China is not planning any large-scale stimulus measures to smooth out short-term fluctuations in growth according to the deputy finance minister who explained the government’s view is that the country’s basic economic situation has not changed.
Zhu Guangyao’s comments came after official April data showed across-the-board weakness in activity including output, investment and consumption.
Of particular concern to some analysts and investors is the housing market.
Revenues from property sales fell 7.8 percent in the first four of months of the year compared with the same period last year, the latest data showed.
China’s central bank has reportedly just asked commercial banks to speed up approval of home loans and to set mortgage rates at reasonable levels.
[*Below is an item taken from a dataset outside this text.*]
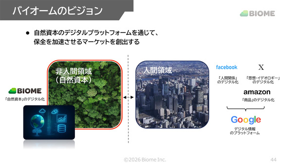 もし、環境を守ることで利益が生まれる仕組みを作ることができれば、生物多様性の保全は一気に進む可能性がある。破壊のスピードが速いのであれば、その力を逆向きに働かせればよい。環境保全を営利事業として成立させるモデルが作れれば、同じ仕組みを真似する企業が現れて広がっていく。その連鎖を生み出すことで、社会全体の構造を変えるという発想から生まれたのが、藤木氏が設立した生物多様性データプラットフォームを運営するバイオームだ。

But at the National Statistics Bureau they are not too concerned. Spokesman Pan Jiancheng said: “Looking at the average figures over the past two years, property investment volume is still quite large, and there remains a steady increase.”
Weakness in the property market has implications for China’s financial system.
The shadow banking sector has lent vast amounts to developers and a significant slowing could spell trouble.
Housing also directly affects about 40 other industries in China and is considered a crucial pillar of the economy.
Chinese top leaders have flagged on many occasions that they would be more tolerant of slower economic growth while they push ahead with structural reform to pursue a more sustainable growth model.
In the latest indication of Beijing’s determination to push reforms, Chinese President Xi Jinping had said last week the country must adapt to a “new norm” of economic growth and keep “cool-minded” amid a slowing economy.
He also pledged to continue to coordinate the efforts of stabilising growth, promoting reforms, adjusting structure, improving people’s livelihood and preventing risks so as to ensure sound economic growth and social stability.